Anna Fuss | Mathematical Models to Identify Mechanism and Potency of SARS-CoV-2 Therapeutic Monoclonal Antibodies

During the Covid-19 pandemic, antiviral drugs were critical in preventing hospitalizations and combatting viral spread. However, viral drugs were slow to reach clinical approval, being licensed a year after vaccines, limiting their efficacy and scope, and potentially leading to unnecessary hospitalizations and deaths nationwide. This issue is multifactorial; effective drugs were not tested efficiently, ineffective drugs were widely used despite lacking efficacy and clinical trials were performed on inappropriate, clinically ill, candidates, rather than patients at the start of infection.

By generating a mathematical model, we can streamline the drug development process, and fine tune the drugs entering clinical spaces, while expanding our understanding of drug function within our patients. This ensures that drugs are quickly available, are effective in targeting the virus of interest, and are accessible early during infection, and early during a growing pandemic.
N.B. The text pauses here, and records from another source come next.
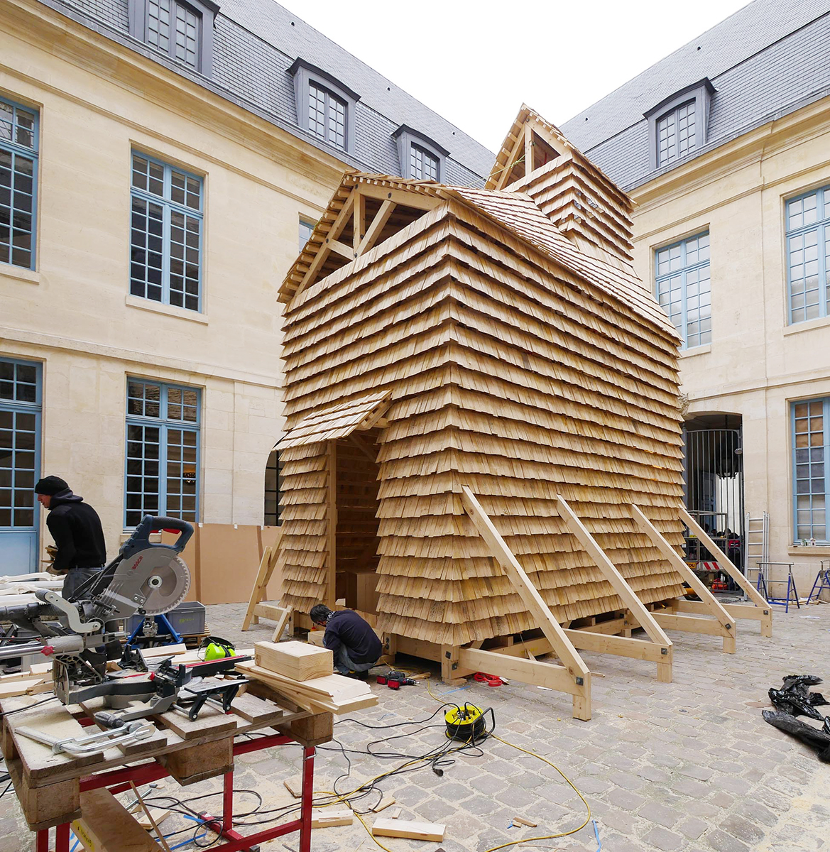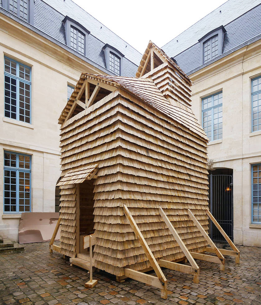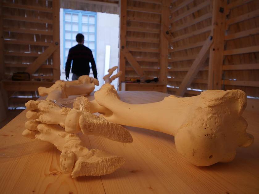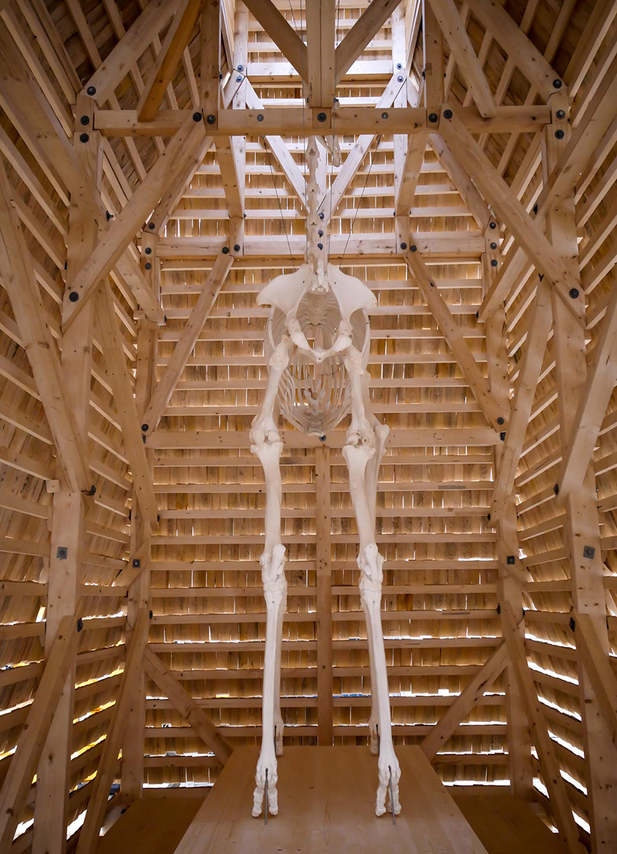 A wooden chapel was built around a Giraffe skeleton. The visitor enters and finds himself between the bones of the animal and the skin of the building. The similarity in morphology between the architecture and the skeleton raises the question, which one came first: the chapel or the girafe?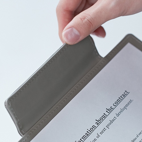 ●カバー付、キャメルのクリップボード。書類や名刺が収容できるポケット付。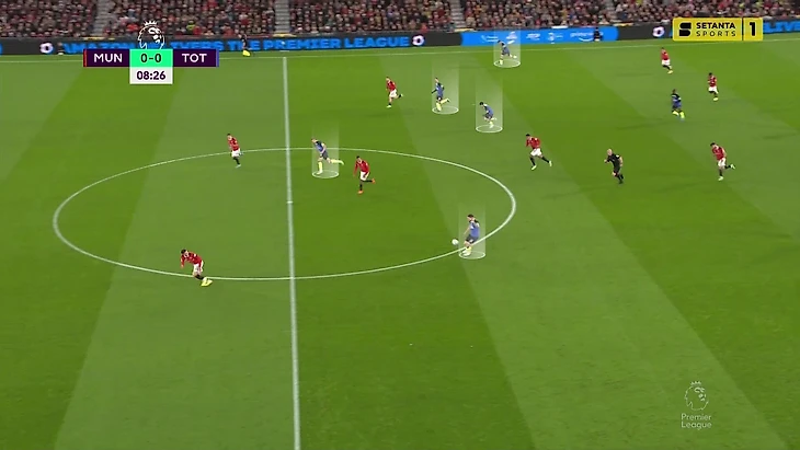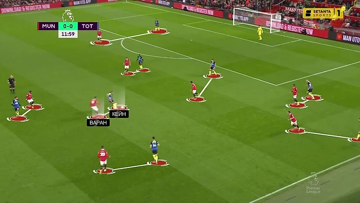 Вообще такая структура – прием Тен Хага на почти любой матч (в «Аяксе» было так же), но против «Тоттенхэма» эффект был особенно мощным, так как схемы удобно накладывались для такого давления. 4-2-3-1 (или даже 4-2-1-3) – это схема для зеркалки схемы 3-5-2. То есть персональная игра была естественной при таком наложении схем – не нужно было адаптировать формацию.
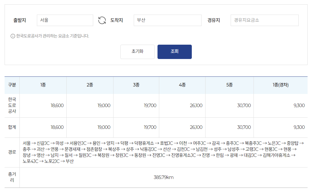예를 들어 서울에서 부산까지 경유지를 거치지 않고 통행을 한다면 통행료는 1종은 18,600원, 2종은 19,000원 부과된다.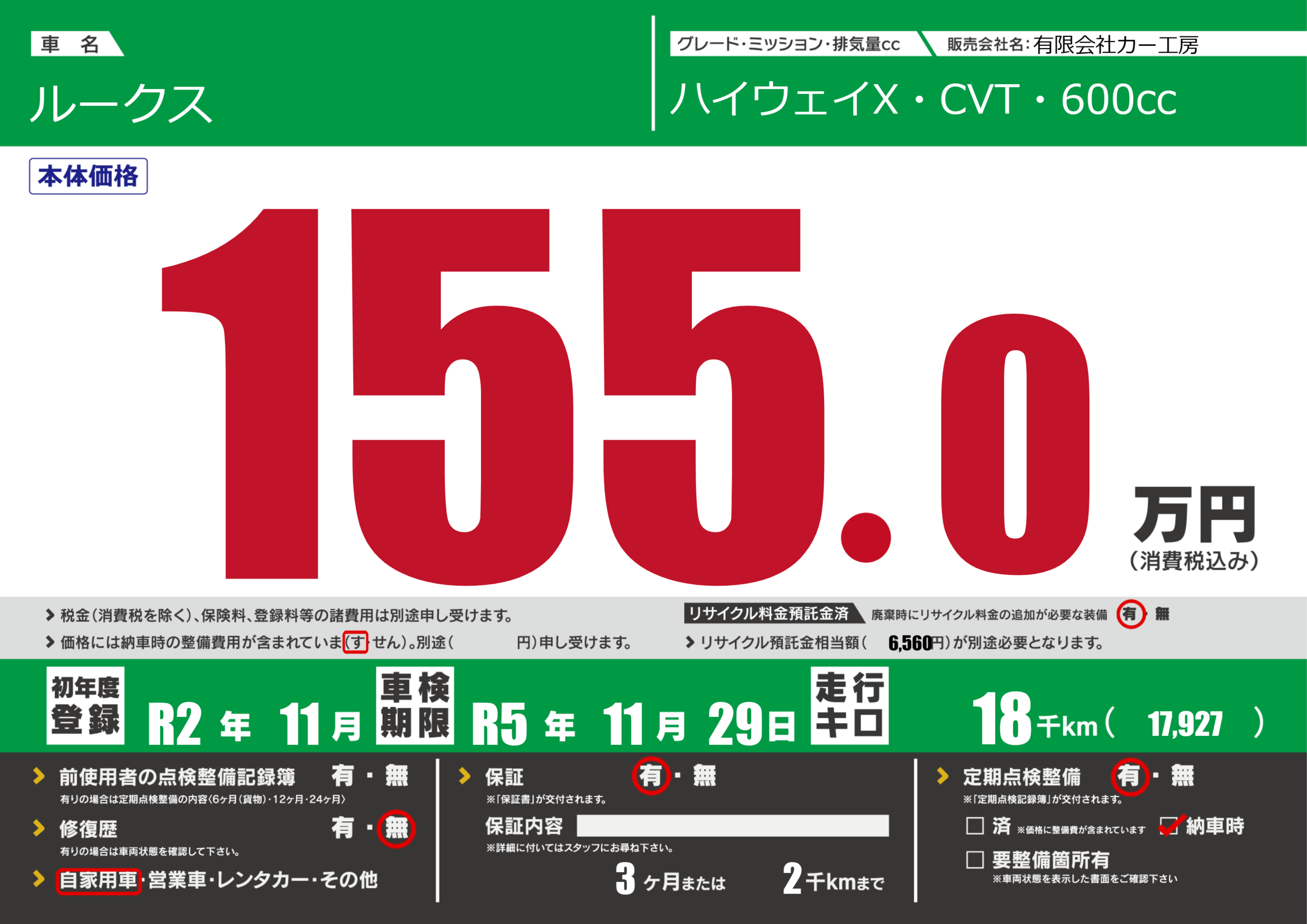 | 車名 | ルークス | グレード ミッション 排気量 |

This has widespread implications for public health.

Cutting down on time to drug development, but improving the accuracy and efficiency with which we are able to optimize and test drugs, allows us to more proactively and rapidly combat future pandemics. Through this, we accept the reality of future pandemics, while preparing ourselves to respond more rapidly and protect human lives. This allows antiviral drugs to be more readily available, reduce hospitalizations and hopefully reduce the impact on pandemics on our communities.

Kyra Schwartz | Stigma and Intimate Partner Violence as Barriers to PrEP and Family Planning Usage in Kenya

HIV poses a profound threat to public health, especially in Eastern and Southern Africa. In 2024, the WHO estimated that over 650,000 people died from HIV-related causes and over 1,300,000 people acquired HIV infections. Of these new cases, 50 percent occurred in Africa, with a higher incidence among females than males. Kisumu, Kenya is particularly burdened by the HIV epidemic. Despite relatively widespread availability, Kisumu still has low uptake of HIV prevention services such as pre-exposure prophylaxis (PrEP), especially in young women and girls who are at high risk of acquiring HIV. Social factors can profoundly influence the effectiveness of medical interventions, yet they are often overlooked.

Our project investigates social barriers to PrEP and Family Planning (FP) initiation and adherence in young women and girls in Kisumu. We found that various forms of stigma and intimate partner violence (IPV) are the primary reasons cited for neglecting or discontinuing use, followed by fear, misinformation and lack of awareness. This informs future PrEP and FP design needs, as well as the development of local education and outreach programs for clinics and communities.

This work brings together knowledge and ideology from the health and social sciences to provide a foundation for holistically addressing disparate health crises. Our results underscore the significant influence that social factors exert on health outcomes and can inform future research and initiatives aimed at improving global health equity.